TASK INPUTS:
====================
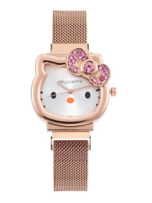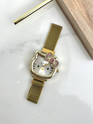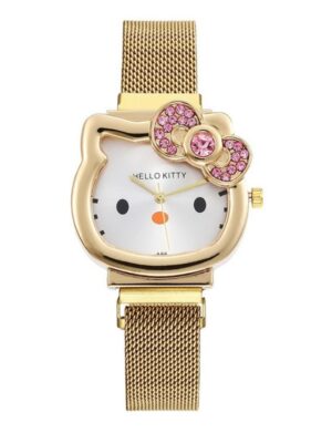 Ceas de copii Hello Kitty cu bratara magnetica aurie si cadran in forma de pisica, lungime ajustabila
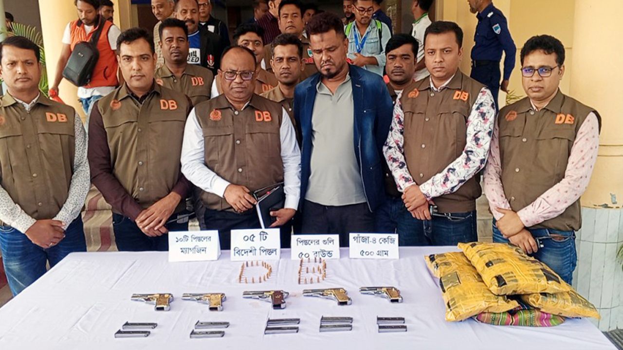 যশোর সদর উপজেলার নওয়াপাড়া ইউনিয়নের মধুগ্রাম এলাকায় পাঁচটি বিদেশি পিস্তল, ১০টি ম্যাগাজিন, ৫০ রাউন্ড গুলি এবং ৪ কেজি ৫০০ গ্রাম
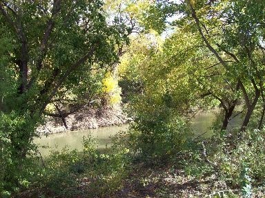 The path stays mostly away from the river (probably because the river tends to flood), but there are spots where you can glimpse it between the trees:
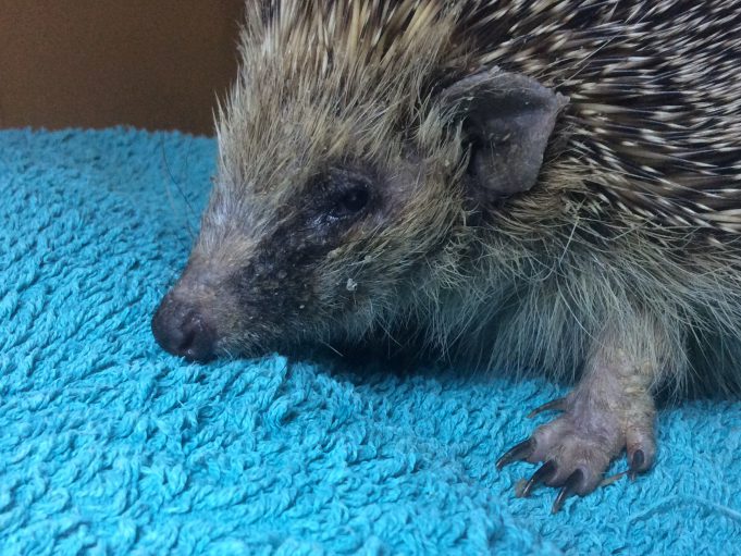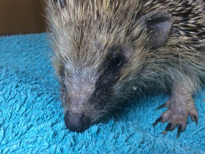 Tiques, puces. Blessure sur le menton. Atteinte de teigne.
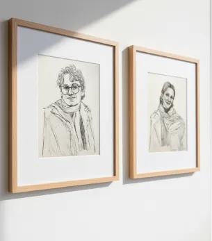 Cada ilustração é uma peça exclusiva, feita à mão, com um toque minimalista que revela a verdadeira essência do retratado.
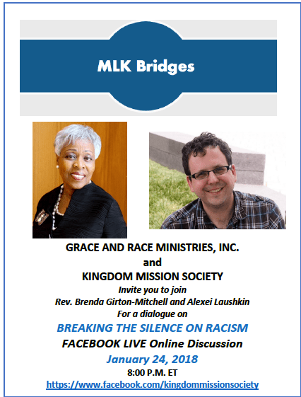 24th- Join Rev. Brenda Girton-Mitchell of Grace and Race Ministries Inc. and Alexei Laushkin of Kingdom Mission Society for a live webinar launching the initiative. 8pm ET. Tune-in on Facebook here. Send us a note at support@mlkbridges.com for a recorded copy of this conversation.
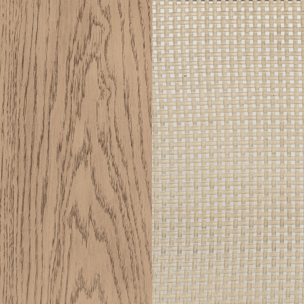 Elevate your space with this sophisticated vitrine cabinet, designed to showcase your most treasured items with style. Featuring two wood-framed tempered glass doors, the upper section offers four tiers of shelving, perfect for displaying decor, dinnerware, or collectibles. The lower section of the cabinet provides additional storage with two hand-woven cane doors and a shelf inside for hidden organization. Crafted from solid wood, engineered wood, and oak veneer, this display cabinet offers both open display and concealed storage options. Its timeless arched design and natural wood finish make it a perfect addition to dining rooms, living spaces, or home offices.
====================
THE PROBLEM: Reproduce the listing above exactly from the line containing "যশোর সদর উপজেলার" up to and including the line containing "Cada ilustração é", omitting any images and everything outside those lines.

SOLVED PROBLEM:
 যশোর সদর উপজেলার নওয়াপাড়া ইউনিয়নের মধুগ্রাম এলাকায় পাঁচটি বিদেশি পিস্তল, ১০টি ম্যাগাজিন, ৫০ রাউন্ড গুলি এবং ৪ কেজি ৫০০ গ্রাম
 The path stays mostly away from the river (probably because the river tends to flood), but there are spots where you can glimpse it between the trees:
 Tiques, puces. Blessure sur le menton. Atteinte de teigne.
 Cada ilustração é uma peça exclusiva, feita à mão, com um toque minimalista que revela a verdadeira essência do retratado.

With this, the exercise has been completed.